Every line below must be copied as written, except for pictures.

(SUPPLIED MATERIAL):
════════
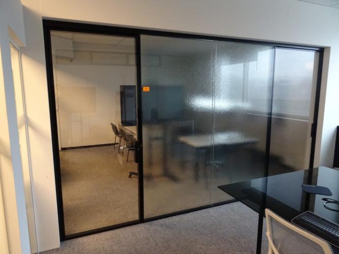 vv aluminium omkadering met deur en schuifdeur, 4180x2400 , locatie: Bureau IT
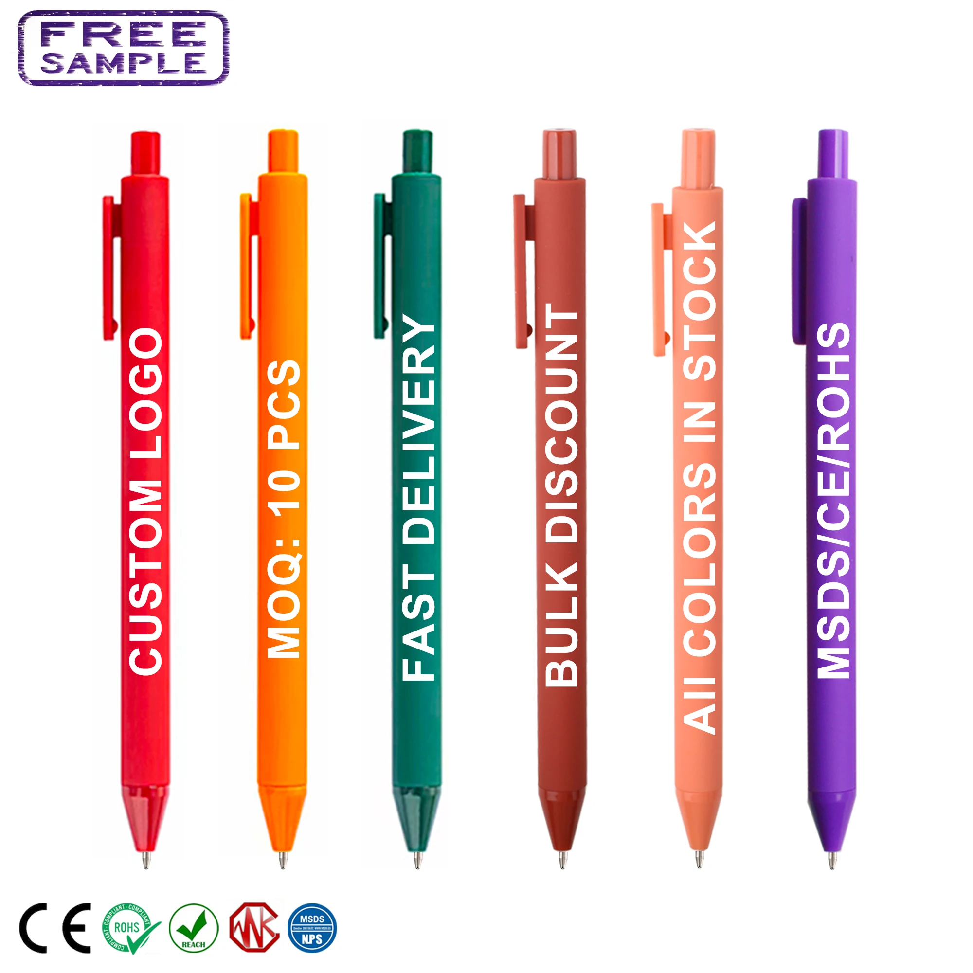 Custom LOGO Multicolor Macaron Silica Ballpoint Pen Promotional High Quality Retractable Advertising Printing for Stationery
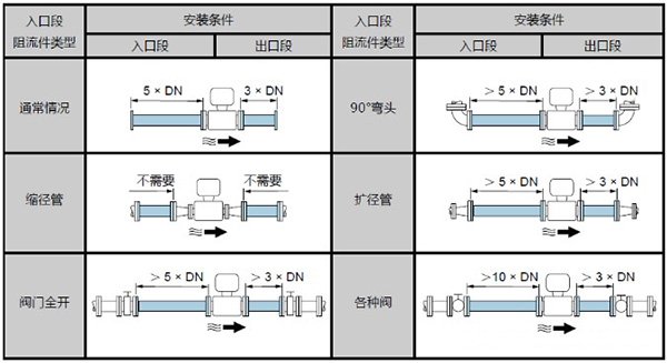 管路必須完全充滿液體。保證管路始終充滿液體至關(guān)重要,否則流量顯示會受到影響,而且還會出現(xiàn)測量錯誤。管路結(jié)構(gòu)的設(shè)計(jì)必須要保證測流管始終充滿流體。當(dāng)流體有分流或含有固體顆粒沉淀物時,建議使用垂直安裝。但采用垂直安裝時,要遵循流體從下到上的走向,以保證管路充滿流體。
════════
(WRITTEN ANSWER):
 vv aluminium omkadering met deur en schuifdeur, 4180x2400 , locatie: Bureau IT
 Custom LOGO Multicolor Macaron Silica Ballpoint Pen Promotional High Quality Retractable Advertising Printing for Stationery
 管路必須完全充滿液體。保證管路始終充滿液體至關(guān)重要,否則流量顯示會受到影響,而且還會出現(xiàn)測量錯誤。管路結(jié)構(gòu)的設(shè)計(jì)必須要保證測流管始終充滿流體。當(dāng)流體有分流或含有固體顆粒沉淀物時,建議使用垂直安裝。但采用垂直安裝時,要遵循流體從下到上的走向,以保證管路充滿流體。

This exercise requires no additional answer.